INSIDE OUTSIDE: Queer-feminist theatre group Samuho’s production of Keyabat Meye. Samuho

Sripantha is the pseudonym of the late Nikhil Sarkar, who was a social historian and writer. Keyabat Meye is the name of a Bengali farce by him. It takes its name from a 19th-century Battala erotica.

Sripantha writes: “Keya-bat meye means bravo girl. Gutsy girl. She is the heroine of modern times...” The preface runs thus: “This book is about women during colonial times. A large part of it is about 19th-century Bengali bhadramahilas. It also sheds light on the relations bet-ween men and women and the social issues prevalent during the colonial period.”

The production of Keya-bat Meye is a collection of portraits of 19th-century women. So you’d find in it Phulmoni and Rasasundari. Ten-year-old Phulmoni died after her husband Harimohon, 35, consummated their marriage. This is the same Phulmoni whose case was a catalyst to the passage of the Age of Consent Act, 1891, which raised the age of consent for sexual intercourse for all girls from 10 to 12 years. Rasasundari, married off at 12, taught herself to read and write while toiling away in the kitchen and raising eight children.

The play also has portrayals of women such as Jnanadanandini from the Tagore household and Nati Binodini, rising star of the stage.

“A friend approached me on behalf of DAG. They commissioned Samuho to do Keyabat Meye,” said Titas, dramaturge, curator, researcher and artistic director of the production. Titas, who prefers the descriptor of “a female-bodied queer theatre professional”, is an alumnus of the London International School of Performing Arts.

“Our other productions at Samuho have been in open spaces... They are driven by their clear queer-feminist point of view, content, people and how they create space. But Keyabat Meye deals with a specific period, so the house was very much part of that period,” said Titas.
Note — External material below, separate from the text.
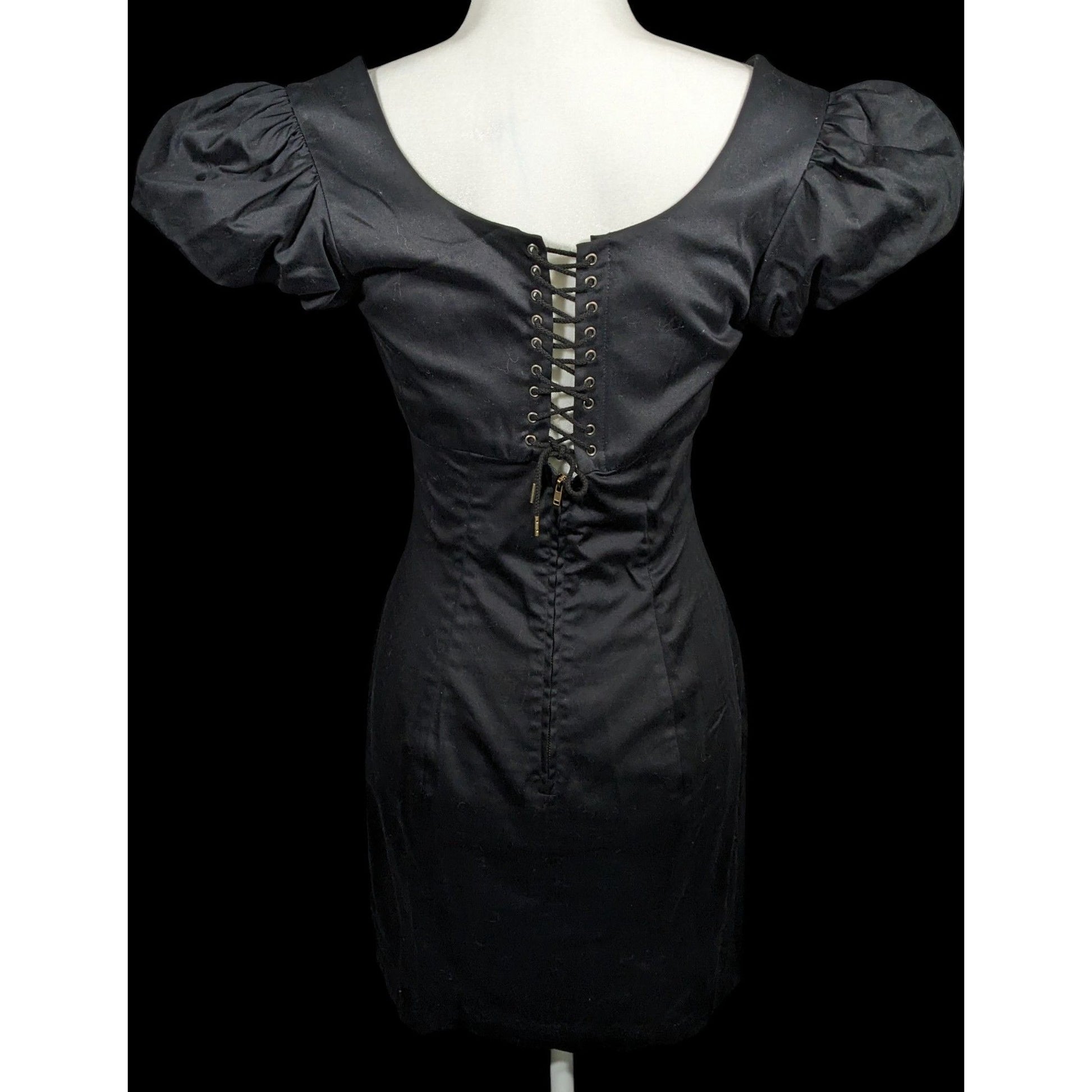 Betsey Johnson Gothic Corset Back Puff Sleeve Black Mini Dress Size 6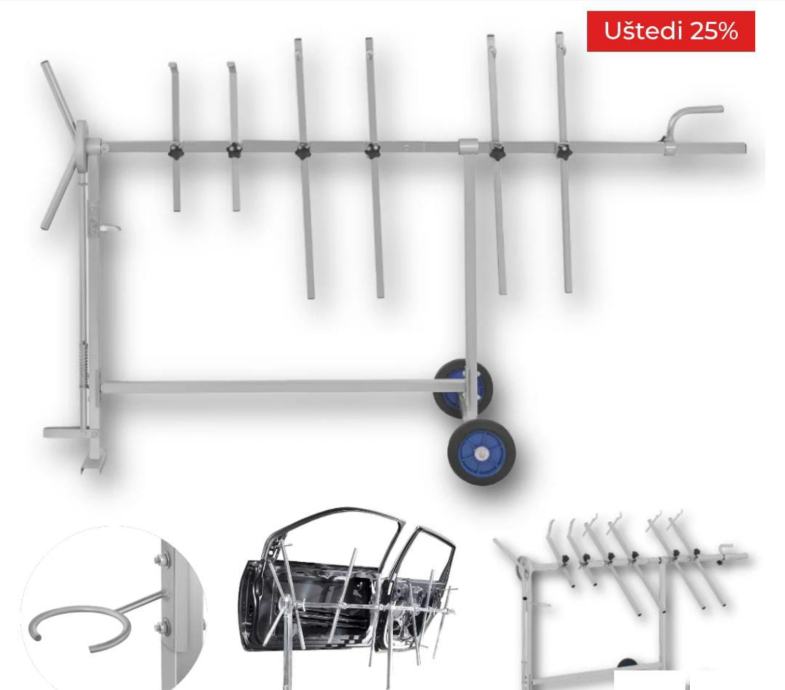 Izvrsno za odlaganje poklopaca, gepeka, bokobrana, odbojnika i malih dijelova za brušenje i bojanje.

The play negotiates the andarmahal and the bahirmahal, the inside and the outside worlds, and captures the reactions of people inha- biting the two spaces and their reactions to the social reforms of those times. “We needed a colonial house
because it would have to have that architecture... The outside is all about what the men are saying, what Ramesh Chandra Mitra said, what Bal Gangadhar Tilak was saying, what Raja Rammohan Roy and Vidya-sagar were saying while the andarmahal constitutes the experiences and narratives of the overlooked women,” she added.

That day, before one could realise that the play was on, a jostle and shove had begun to get inside the narrow entrance that leads to the thakurdalan or courtyard of the house. Rasabati Napitani, who is the barber, plays the sutradhar. It is the mid-1850s, and Vidyasagar has just managed to get the Widow Remarriage Act passed. In other news, Lord Bethune has floated the proposal for the first school for girls in Calcutta.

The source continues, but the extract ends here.